— Exercise goal —
After locating the line with "8月8日,大S(徐熙媛)工作" in the data that follows, return it and every later line exactly, up to and including the line with "(VTi.903.I) Двухраструбная пресс-муфта".

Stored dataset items
[Start of section]

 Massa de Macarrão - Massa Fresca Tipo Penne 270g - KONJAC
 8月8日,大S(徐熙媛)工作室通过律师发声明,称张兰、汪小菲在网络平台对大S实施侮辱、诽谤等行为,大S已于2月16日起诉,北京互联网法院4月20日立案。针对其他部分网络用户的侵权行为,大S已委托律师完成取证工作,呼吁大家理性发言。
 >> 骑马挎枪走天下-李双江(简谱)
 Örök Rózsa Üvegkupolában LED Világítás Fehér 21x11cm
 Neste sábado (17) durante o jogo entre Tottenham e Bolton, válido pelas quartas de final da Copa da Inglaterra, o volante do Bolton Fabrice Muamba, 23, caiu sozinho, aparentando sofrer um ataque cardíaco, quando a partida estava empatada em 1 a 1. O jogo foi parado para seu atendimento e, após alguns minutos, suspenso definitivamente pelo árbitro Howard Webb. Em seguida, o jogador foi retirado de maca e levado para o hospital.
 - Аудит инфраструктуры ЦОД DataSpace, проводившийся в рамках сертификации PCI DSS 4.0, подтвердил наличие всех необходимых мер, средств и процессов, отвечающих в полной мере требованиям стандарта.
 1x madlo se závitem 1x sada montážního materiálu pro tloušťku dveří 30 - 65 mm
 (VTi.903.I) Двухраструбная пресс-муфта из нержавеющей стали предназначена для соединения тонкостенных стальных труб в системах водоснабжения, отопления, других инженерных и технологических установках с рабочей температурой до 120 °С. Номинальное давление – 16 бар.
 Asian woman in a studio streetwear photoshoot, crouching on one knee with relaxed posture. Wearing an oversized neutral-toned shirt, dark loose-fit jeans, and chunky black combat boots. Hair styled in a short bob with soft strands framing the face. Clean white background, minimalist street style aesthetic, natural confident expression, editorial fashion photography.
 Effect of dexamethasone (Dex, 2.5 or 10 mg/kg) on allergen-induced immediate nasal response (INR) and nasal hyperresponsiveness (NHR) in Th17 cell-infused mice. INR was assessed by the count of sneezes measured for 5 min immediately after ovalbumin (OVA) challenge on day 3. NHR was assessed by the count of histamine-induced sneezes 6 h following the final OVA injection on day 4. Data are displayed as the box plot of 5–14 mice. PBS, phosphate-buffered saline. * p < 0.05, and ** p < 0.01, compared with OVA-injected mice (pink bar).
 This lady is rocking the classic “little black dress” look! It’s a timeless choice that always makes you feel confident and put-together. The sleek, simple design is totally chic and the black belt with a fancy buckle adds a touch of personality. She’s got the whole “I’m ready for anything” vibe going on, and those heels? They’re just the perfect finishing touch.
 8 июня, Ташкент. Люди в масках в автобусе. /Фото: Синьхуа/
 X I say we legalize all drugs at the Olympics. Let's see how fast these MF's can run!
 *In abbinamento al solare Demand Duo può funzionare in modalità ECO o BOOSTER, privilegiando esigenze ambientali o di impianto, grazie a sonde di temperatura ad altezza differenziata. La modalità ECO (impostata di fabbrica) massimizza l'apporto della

[End of section]

— Exercise output —
 8月8日,大S(徐熙媛)工作室通过律师发声明,称张兰、汪小菲在网络平台对大S实施侮辱、诽谤等行为,大S已于2月16日起诉,北京互联网法院4月20日立案。针对其他部分网络用户的侵权行为,大S已委托律师完成取证工作,呼吁大家理性发言。
 >> 骑马挎枪走天下-李双江(简谱)
 Örök Rózsa Üvegkupolában LED Világítás Fehér 21x11cm
 Neste sábado (17) durante o jogo entre Tottenham e Bolton, válido pelas quartas de final da Copa da Inglaterra, o volante do Bolton Fabrice Muamba, 23, caiu sozinho, aparentando sofrer um ataque cardíaco, quando a partida estava empatada em 1 a 1. O jogo foi parado para seu atendimento e, após alguns minutos, suspenso definitivamente pelo árbitro Howard Webb. Em seguida, o jogador foi retirado de maca e levado para o hospital.
 - Аудит инфраструктуры ЦОД DataSpace, проводившийся в рамках сертификации PCI DSS 4.0, подтвердил наличие всех необходимых мер, средств и процессов, отвечающих в полной мере требованиям стандарта.
 1x madlo se závitem 1x sada montážního materiálu pro tloušťku dveří 30 - 65 mm
 (VTi.903.I) Двухраструбная пресс-муфта из нержавеющей стали предназначена для соединения тонкостенных стальных труб в системах водоснабжения, отопления, других инженерных и технологических установках с рабочей температурой до 120 °С. Номинальное давление – 16 бар.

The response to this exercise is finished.